Ultimately, the combination of MRI with bone biopsy allows high diagnostic accuracy, while identifying the extent of disease and the pathologic organism.

Psychological evaluation

Psychological problems are common in the pressure sore population, with a diagnosis of major depression in SCI patients ranging from 22% to 47.4%. Risk factors for depression include female gender, younger age, multiple previous operations for pressure sores. Foster et al . suggest that psychological factors may play a role in pressure ulcer recurrences.

Patient selection

All patients with pressure sores should be optimized with regard to the risk factors already enumerated. It is worth remembering that pressure sores are rarely life-threatening, and there is no need to rush to treatment or surgery if the patient has not been optimized. Many superficial wounds will heal with conservative therapies if correctable risk factors are identified and addressed. On the other hand, a patient who is malnourished, bedbound on an inappropriate mattress, with undiagnosed osteomyelitis, is doomed to failure regardless of the surgical technique used.
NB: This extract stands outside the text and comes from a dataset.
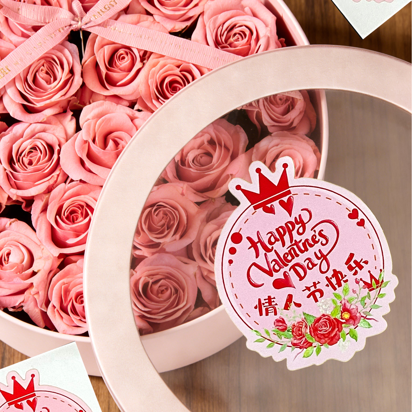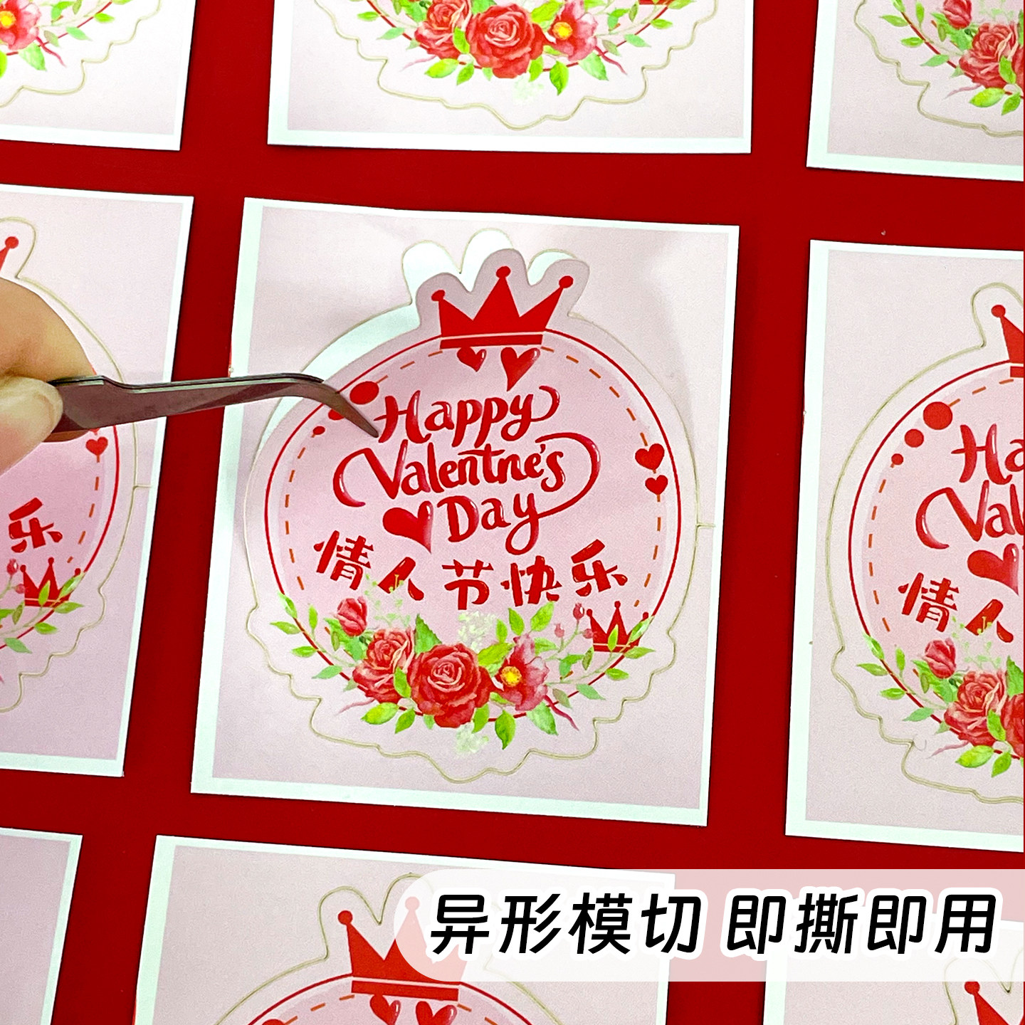新款七夕情人节快乐装饰异形贴纸定制礼物烘焙玫瑰鲜花束杯子小图案封口贴画不干胶标签贴送男女朋友老公老婆

A judgment must be made whether a wound is likely to heal by secondary intention or whether a flap is required to resurface the wound and/or fill dead space after debridement. In general, stage I and II pressure sores can be treated nonoperatively, while stage III and IV ulcers require flaps. Patients with suspected deep-tissue injury and unstageable ulcers should be debrided until they can be clearly staged. While surgical debridement is the gold standard, other methods can be used as appropriate.

While operative treatment is often delayed while the patient is optimized and risk factors corrected, it is a rare patient who never qualifies for any attempt at reconstruction. Obviously critically ill patients who cannot tolerate surgery should be stabilized before any sort of reconstruction is entertained. More uncommon is the patient with multiple severe comorbidities whose risk factors cannot be easily corrected, due to either medical or social factors. In such cases, chronic wound care may be preferable to attempted reconstruction that is doomed to failure and recurrence.